-
1. Re: Node Starting / Rehash Inconsistency
manik Dec 8, 2010 4:58 AM (in response to shane_dev)ReplicationTask.call() contains the call for all 3 messages (in your case). All 3 are broadcast in parallel, but only the first one should return. (non-blocking, see the JGroups mode used in opts: GET_FIRST).
Do you have a stack trace, log or test case that proves otherwise?
-
2. Re: Node Starting / Rehash Inconsistency
shane_dev Dec 8, 2010 9:45 AM (in response to manik)This part was a little confusing to me. The notes seem to indicate otherwise.
// This is possibly a remote GET.
// TODO this is sub-optimal and sequential (for now), until JGroups provides notifying futures - JGRP-1030
I can see how futures are used in the next if/else block (GET_ALL), but in this one it appears that the response is evaluated and possibly returned before any subsequent iterations of the for loop (L301 - L305). Perhaps I am just not interpreting the code correctly.
Our logs seem to indicate that we are waiting for the first request.
NodeA 21:43:50,411 [InvocationContextInterceptor] Invoked with command PutKeyValueCommand{key=XYZ, value=XYZ...NodeB 21:43:50,430 [CommandAwareRpcDispatcher] Attempting to execute command: ClusteredGetCommand{key=XYZ...NodeB 21:43:50,430 [CommandAwareRpcDispatcher] Enough waiting; replayIgnored = false, sr STATE_PREEXISTEDNodeB 21:44:00,453 [InboundInvocationHandlerImpl] Cache named [ABC] exists but isn't in a state to handle invocations. Its state is INSTANTIATED.NodeA 21:44:00,477 [CommandAwareRpcDispatcher] responses: [sender=NodeC, retval=null, received=true, suspected=false]NodeA 21:44:00,477 [CallInterceptor] Executing command: PutKeyValueCommand{key=XYZ, value=XYZ...A 21:43:50,411 [InvocationContextInterceptor] Invoked with command PutKeyValueCommand{key=XYZ, value=XYZ...
B 21:43:50,430 [CommandAwareRpcDispatcher] Attempting to execute command: ClusteredGetCommand{key=XYZ...

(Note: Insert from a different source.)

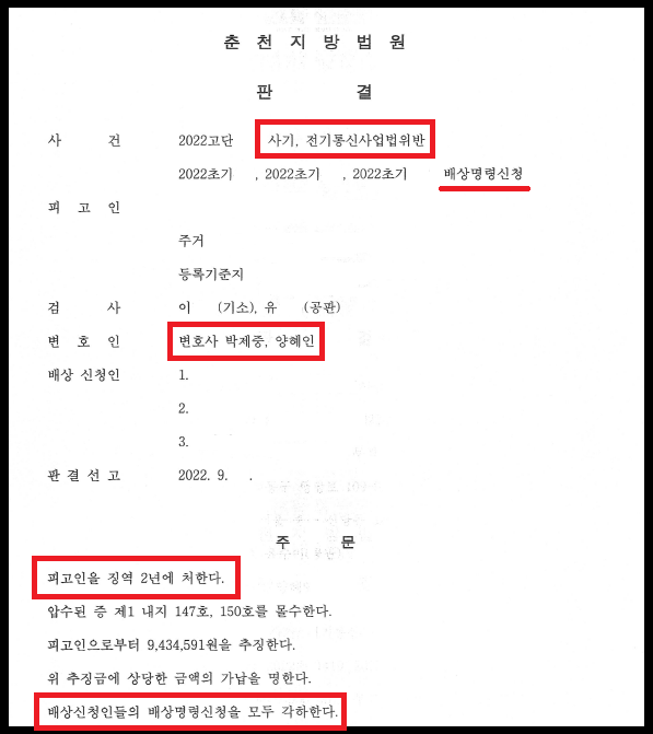 [형사] '보이스피싱 사기' - '감형' 성공사례 페이지 정보 작성자 강일 댓글 0건 조회 2,110회 작성일 23-03-16 11:30 본문 <1심 판결 등본> <법률사무소 강일 구성원> <형사법 전문분야 등록증서> 목록 이전글[가사] '상속한정승인' 수리 + '배당절차' 완수 사례 23.03.27 다음글[민사] 무단 점유 토지 '인도 청구' 및 '부당이득 반환청구' 성공사례 23.03.07

B 21:43:50,430 [CommandAwareRpcDispatcher] Enough waiting; replayIgnored = false, sr STATE_PREEXISTED
B 21:44:00,453 [InboundInvocationHandlerImpl] Cache named [ABC] exists but isn't in a state to handle invocations. Its state is INSTANTIATED.
A 21:44:00,477 [CommandAwareRpcDispatcher] responses: [sender=C, retval=null, received=true, suspected=false]
A 21:44:00,477 [CallInterceptor] Executing command: PutKeyValueCommand{key=XYZ, value=XYZ...
It appears that A requests an entry that is on B and C. It first sends a request to B. B returns a request ignored response after the 10 second timeout. A then requests and receives a response from C.
-
3. Re: Node Starting / Rehash Inconsistency
mircea.markus Dec 8, 2010 2:18 PM (in response to shane_dev)1 of 1 people found this helpfulShane I think you are right reading the code. In the scenario you described in the first post, a get on A can indeed go to D first: this is just a matter of hazard as the sequence of addresses being called is "randomized" based on their hash code:
Set<Address> targets = new HashSet<Address>(dests); // should sufficiently randomize order
The good news is that the jgoups out of of the box support for that is here already: JGRP-1030. Manik, do we have JIRA for integrating this?
-
4. Re: Node Starting / Rehash Inconsistency
shane_dev Dec 8, 2010 3:55 PM (in response to mircea.markus)Cool. I imagine this would simply entail replacing sendMessage with castMessage (more or less) using the GET_FIRST mode?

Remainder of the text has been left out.